* _WHAT IS REQUIRED_
From the line that contains "Valentino Garavani's Rockstud" to the end of the entries, copy each line exactly, though the pictures stay out.
[AVAILABLE RECORDS — start]
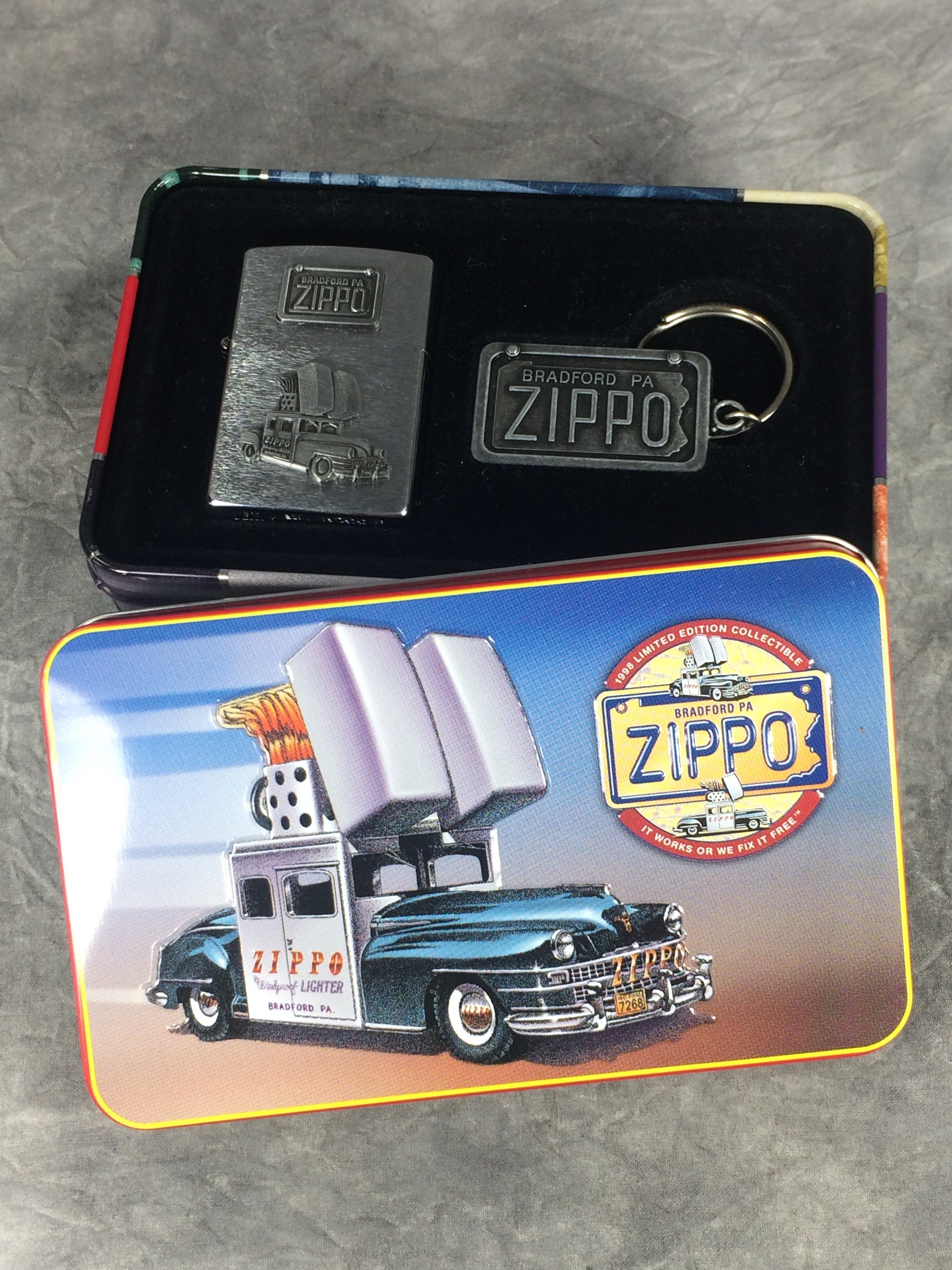 March 25, 2026 - ZIPPO 1947 CHRYSLER Limited Edition Lighter and keychain set, manufactured in 1998. Brushed chrome finish over solid brass with front emblems. Standard size 1-7/16 inches wide by 2-1/4 inches high. Bottom of lighter reads: B Zippo XIV Bradford, PA. Made in U.S.A.
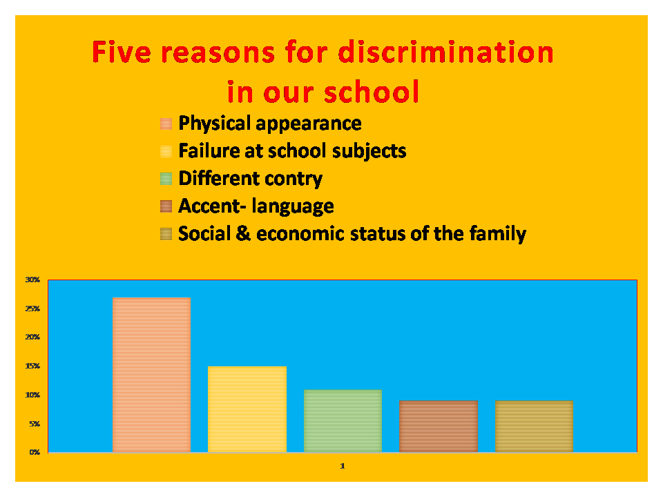 We have found five reasons for discrimination in our country, five reasons for discrimination in our school and determined the persentage of students who feel the generation gap in their families,
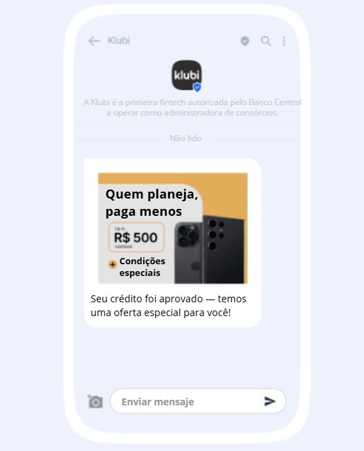 Apesar da crescente popularidade do modelo de consórcios no Brasil, o processo historicamente sempre foi lento e sujeito a ruídos, especialmente devido à comunicação fragmentada entre as partes e às opções limitadas de pagamento. Para mudar essa percepção e se diferenciar no mercado, o Klubi precisava oferecer uma comunicação direta, conversacional e personalizada, capaz de acompanhar toda a jornada do cliente de forma fluida.
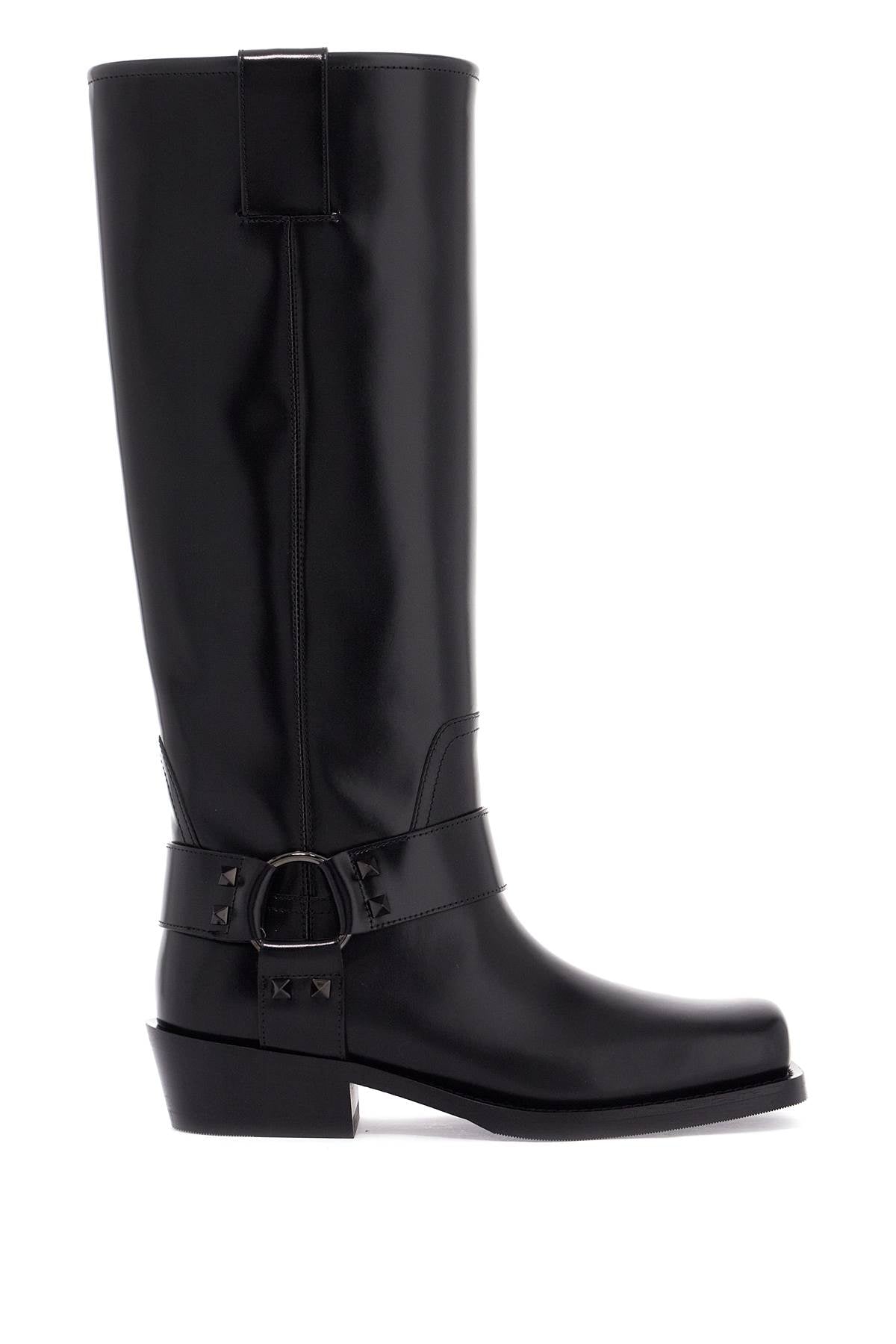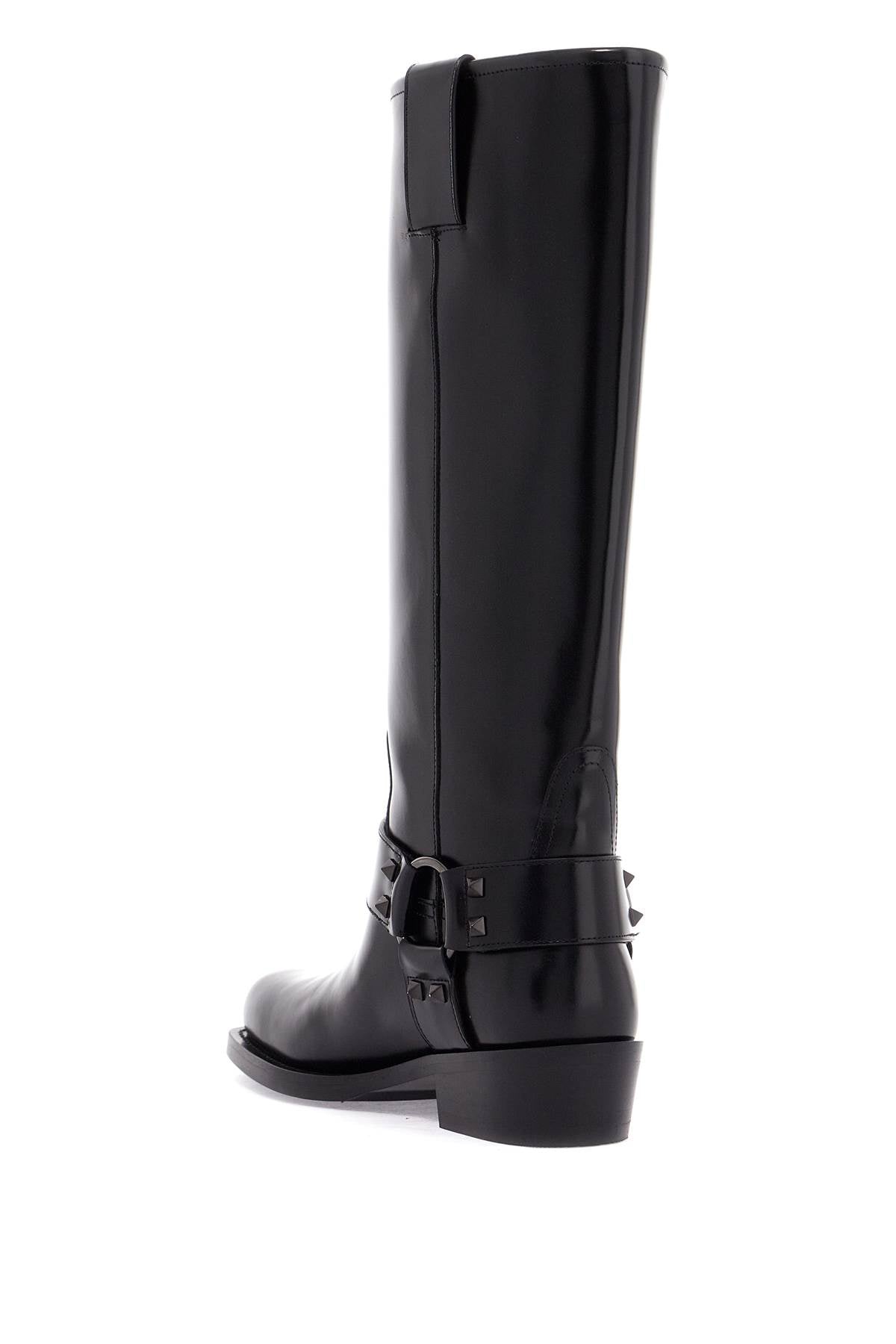 Valentino Garavani's Rockstud biker boots are made of leather with iconic ruthenium metal studs. They feature side straps, a leather interior, and a rubber sole. Size and Fit - Heel Height = 4 cm,
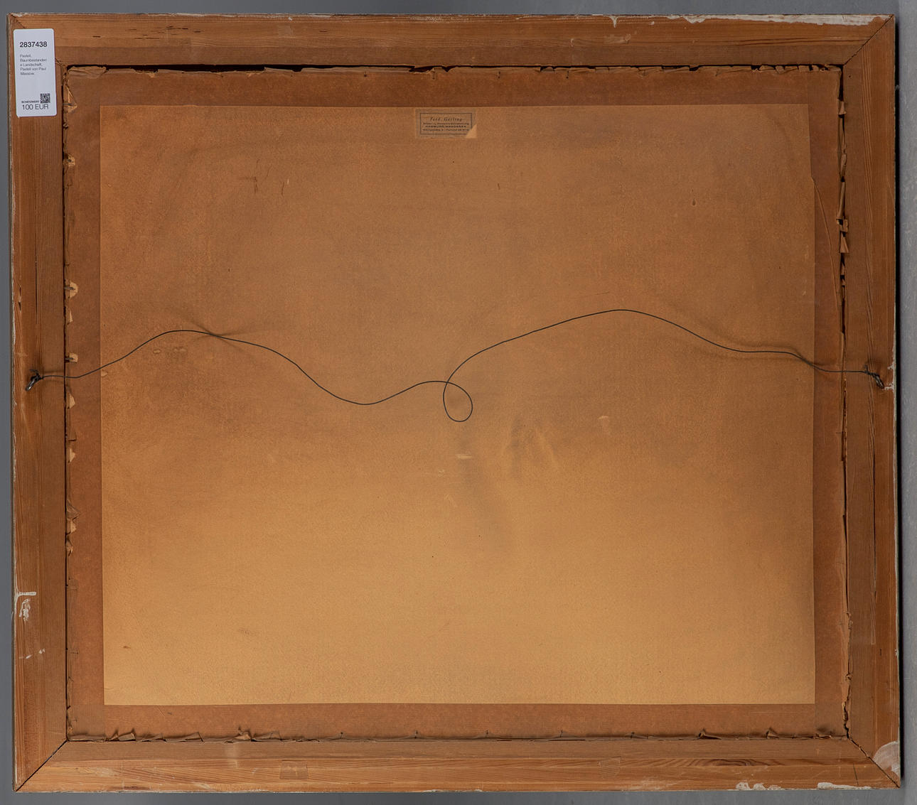 Nicht ausgerahmt begutachtet. Glas rechts unten gesprungen. Rahmen mit kleinen Defekten.
[AVAILABLE RECORDS — finish]
* _SOLUTION_
 Valentino Garavani's Rockstud biker boots are made of leather with iconic ruthenium metal studs. They feature side straps, a leather interior, and a rubber sole. Size and Fit - Heel Height = 4 cm,
 Nicht ausgerahmt begutachtet. Glas rechts unten gesprungen. Rahmen mit kleinen Defekten.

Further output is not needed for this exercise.